Winner of the $450 Best Five was the team of Debbie Fuller and Angie Pierce aboard Yellow Dog with captain Eric Fuller. The 60-plus pound catch included the second-best fish, a 16.25 chinook landed by Debbie and a 12.15 steelhead by Angie.

Nine boats and 29 women participated in the contest with boats registering four to 12 fish, most of which were lake trout.

Powder Puff Top 10: 1. Laura Ryba, 18.95; 2. Debbie Fuller, 16.25; 3. Devon Blackall, 15.10; 4. Lauren Miskowicz 14.50; 5. Theresa Flerick 14.40; 6. Jessica Follenweider, 13.40; 7. Katie Jasnieski 13.35; 8. April Galbreath, 13.05; 9. Heather Mioskowicz, 12.45; 10. Angie Pierce, 12.15.

• Perch: Here's your perch thought for the week, courtesy of Indiana biologist Ben Dickenson's Facebook post on Thursday: "For anybody that has hammered the perch at one depth, and then wondered where they went a couple hours later, or the next day, take a look at this picture of the temp profiles from the past week. Cold water moving in and out pushes the perch around, sometimes on an hourly basis. The greenish color (64-68 degrees or so) is where the perch are hanging out in big concentrations.Temp probes aren't just for salmon fishermen!"

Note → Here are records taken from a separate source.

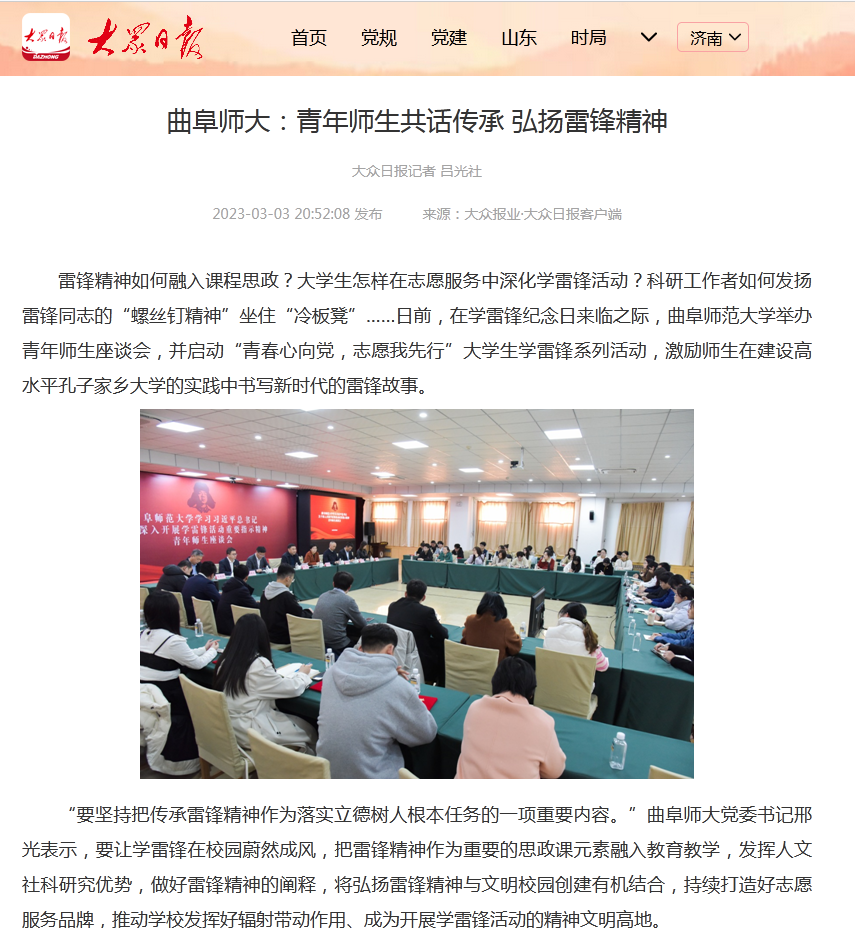 雷锋精神如何融入课程思政?大学生怎样在志愿服务中深化学雷锋活动?科研工作者如何发扬雷锋同志的“螺丝钉精神”坐住“冷板凳”……日前,在学雷锋纪念日来临之际,万象城手机网页版登录入口举办青年师生座谈会,并启动“青春心向党,志愿我先行”大学生学雷锋系列活动,激励师生在建设高水平孔子家乡大学的实践中书写新时代的雷锋故事。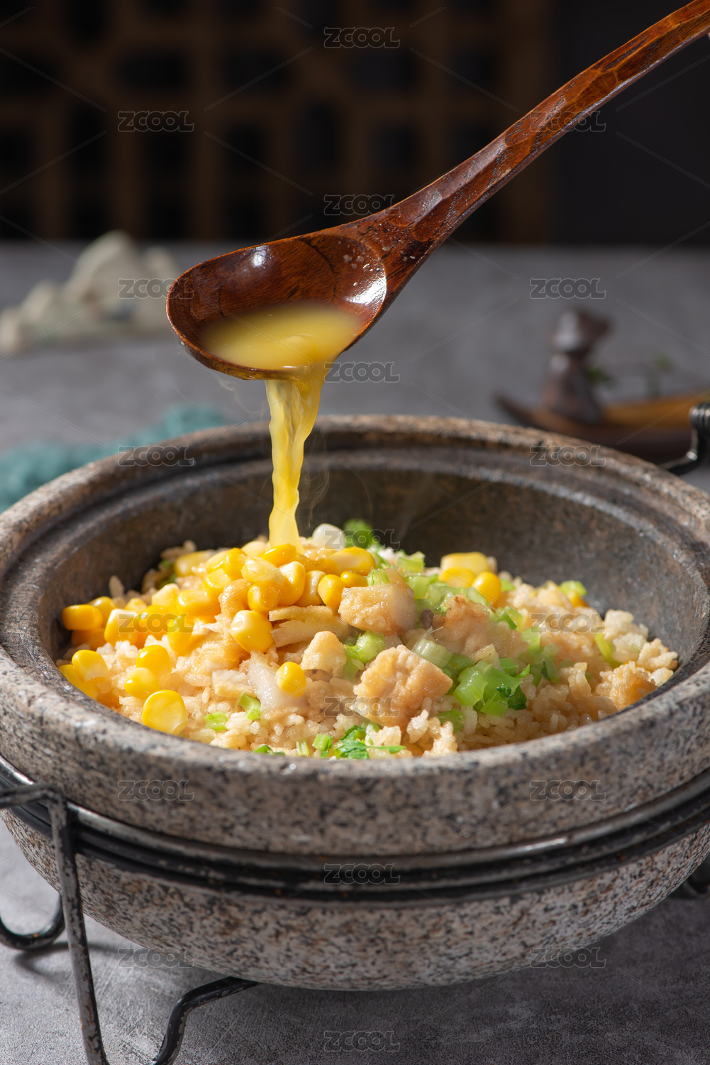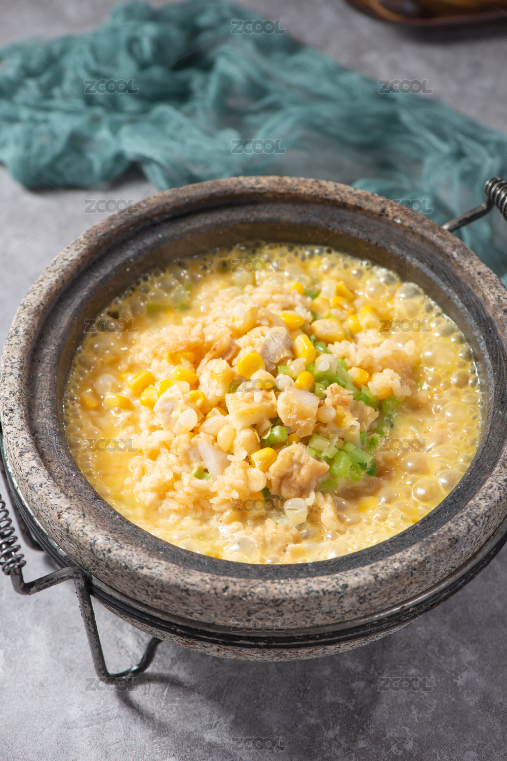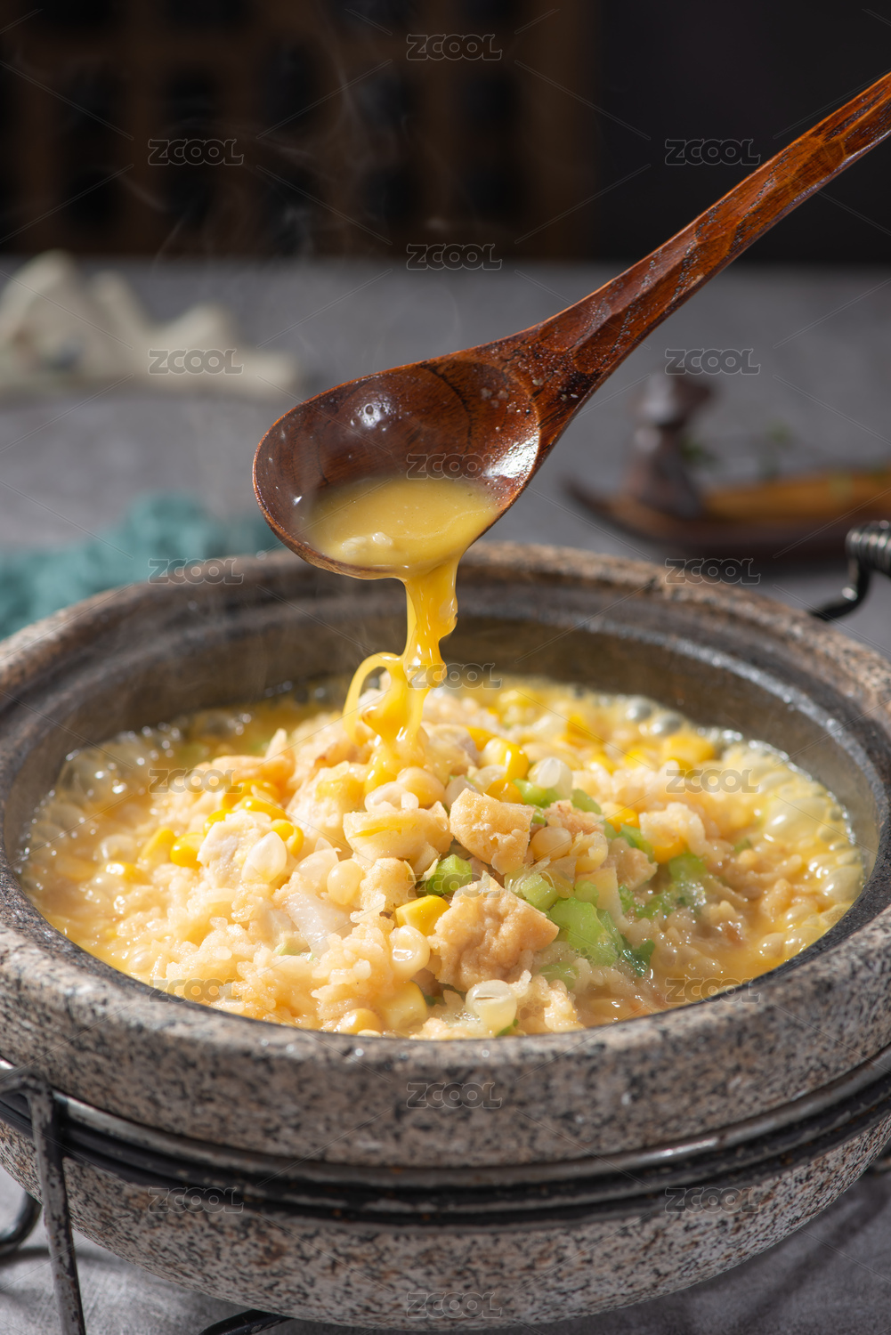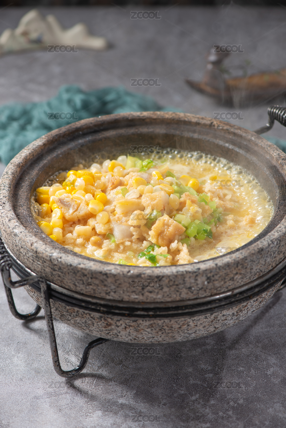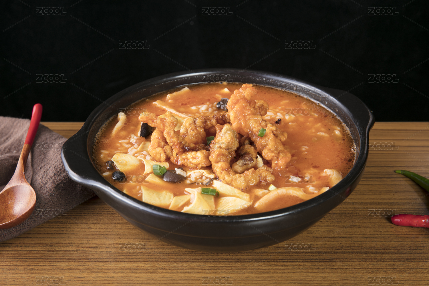 黑色砂鍋里的酥肉香菇豆腐皮湯飯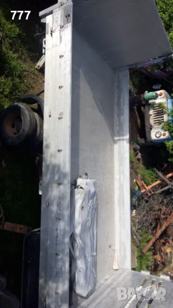 Каросерията е алуминиева,като нова, има и брезент,но е скъсан отгоре,страниците са здрави,падащият борд и ветробрана влизат в цената,2.10 широка и 4 метра дълга
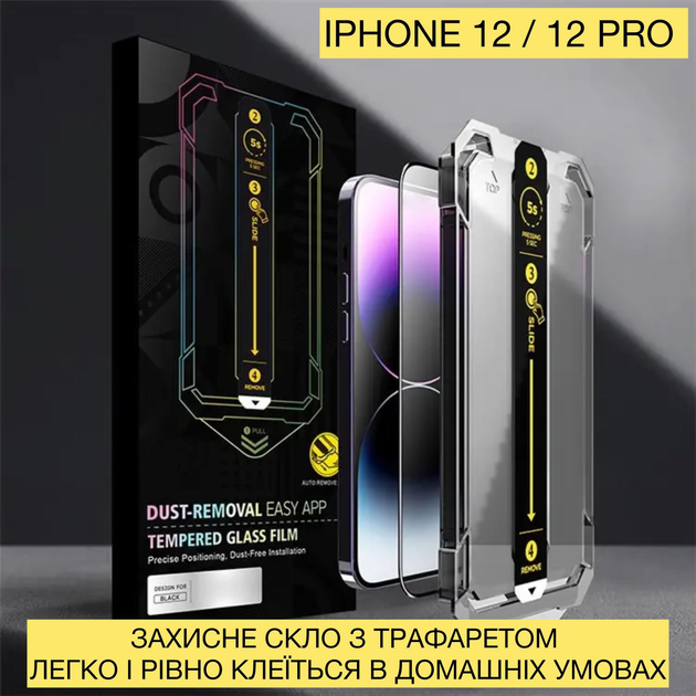 Захисне скло з трафаретом Premium Zifriend Dust-Removal + Easy App для Apple iPhone 12 / 12 Pro

To see what he is writing about and how current moves blocks of warm water, click on the weather buoy near Michigan City at www.greatlakesbuoys.org then scroll down to the thermistors plot which charts temperatures at depth.

• Kongs: There are chinook, there are kings and then there are kongs (as in King Kong). Several more 30-plus pound, kong-sized kings were caught in northern Lake Michigan this week topped by a 35.46-pouder which is leading the July 23-31 Kewaumee/Door County Salmon Tournament as of Thursday.

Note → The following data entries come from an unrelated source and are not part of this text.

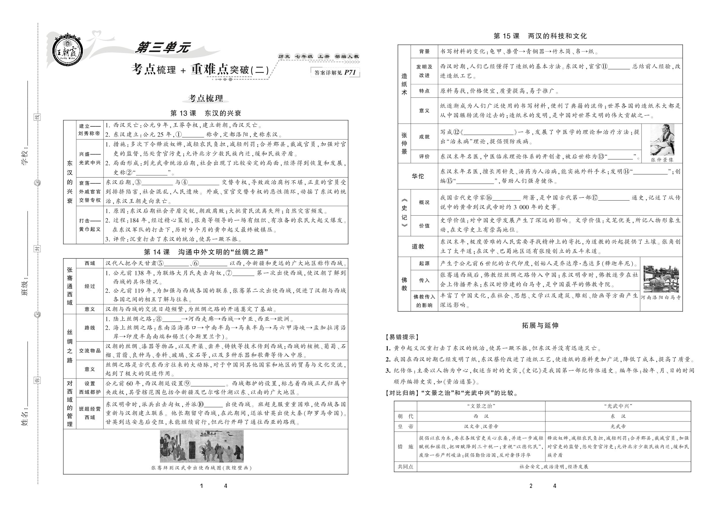 2020上册七年级历史人教版 第三单元 考点梳理+重难点突破(二)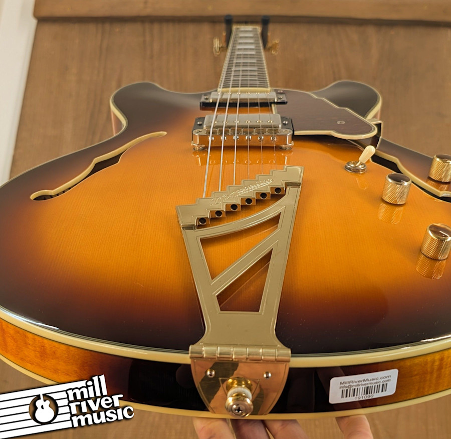 This guitar is in great condition and has been professionally inspected. The flame maple on the back and sides is particularly striking, and the gold hardware shows only light signs of aging consistent with an instrument from this era. All electronics are fully functional, and the frets have plenty of life left. This is a professional-grade archtop that offers the sophisticated look and sound of a Golden Era jazz box at a much more accessible price point.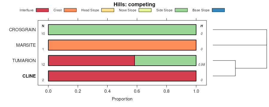 Geomorphic description summaries for the CLINE series and competing. Series are sorted according to hierarchical clustering of proportions and relative hydrologic position within an idealized landform (e.g. top to bottom). Proportions can be interpreted as an aggregate representation of geomorphic membership. Most soil series (SSURGO components) are associated with a hillslope position and one or more landform-specific positions: hills, mountain slopes, terraces, and/or flats. The values printed to the left (number of component records) and right (Shannon entropy) of stacked bars can be used to judge the reliability of trends. Shannon entropy values close to 0 represent soil series with relatively consistent geomorphic association, while values close to 1 suggest lack thereof. Source: SSURGO component records .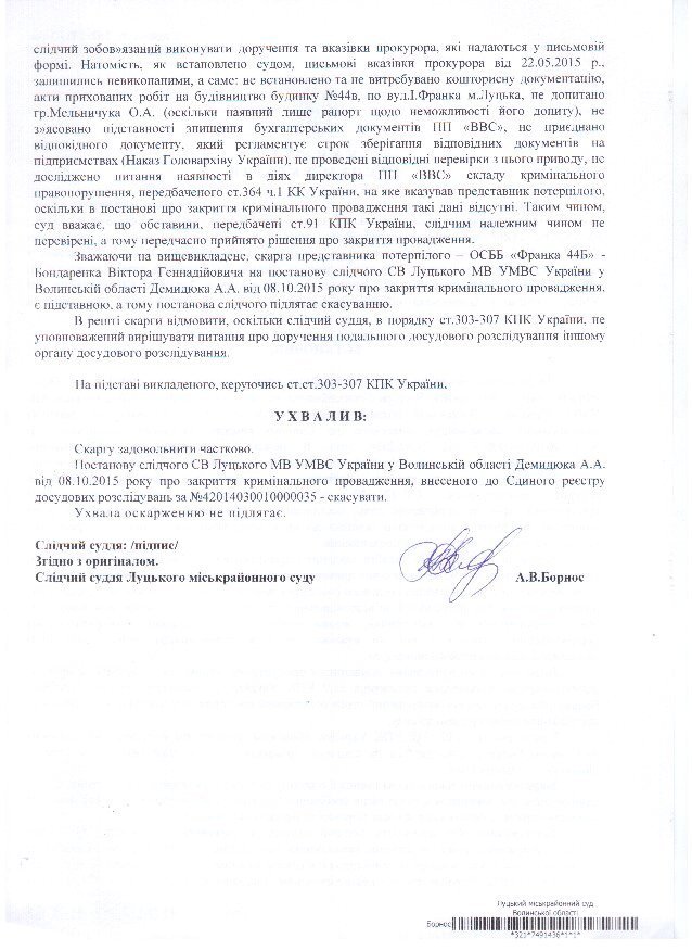 На переконання представника ОСББ, суддя Борнос А.В. ретельно підійшла до розгляду вказаної скарги, дослідила її матеріали, встановила, що слідчим не виконано раніше надані прокуратурою області вказівки, не встановлено та не витребувано кошторисну документацію та акти прихованих робіт на будівництво, не з’ясовано підставності знищення бухгалтерських документів ПП «ВВС», не досліджено питання наявності в діях директора ПП «ВВС» складу кримінального правопорушення, передбаченого ч. 1 ст. 364 КК України, та скасувала вищевказану постанову слідчого про закриття кримінального провадження.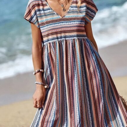 Kadın Kısa Kollu V Yakalı Etnik Desen şerit Detaylı Viskon Elbise

• State Fair Steelies: Michigan City steelhead, captured, donated and processed by the Northwest Indiana Steelheaders during Skamania Mania, provide an exotic taste for Indianapolis State Far goers.

The DNR's Taste of the Wild cookout starts at 11 a.m., on Aug. 6 and features a slew of free samples. Past menus have included barbequed beaver, muskrat hams, turtle stew, Asian carp and a variety of venison dishes. For a complete list of DNR events during the Aug. 5-21 State Fair, see dnr.IN.gov/statefair.

• Boat show: The Chicagoland In-Water Boat Show at Michigan City is Aug. 11-14 in Washington Park. For complete information, see www.michigancityboatshow.com.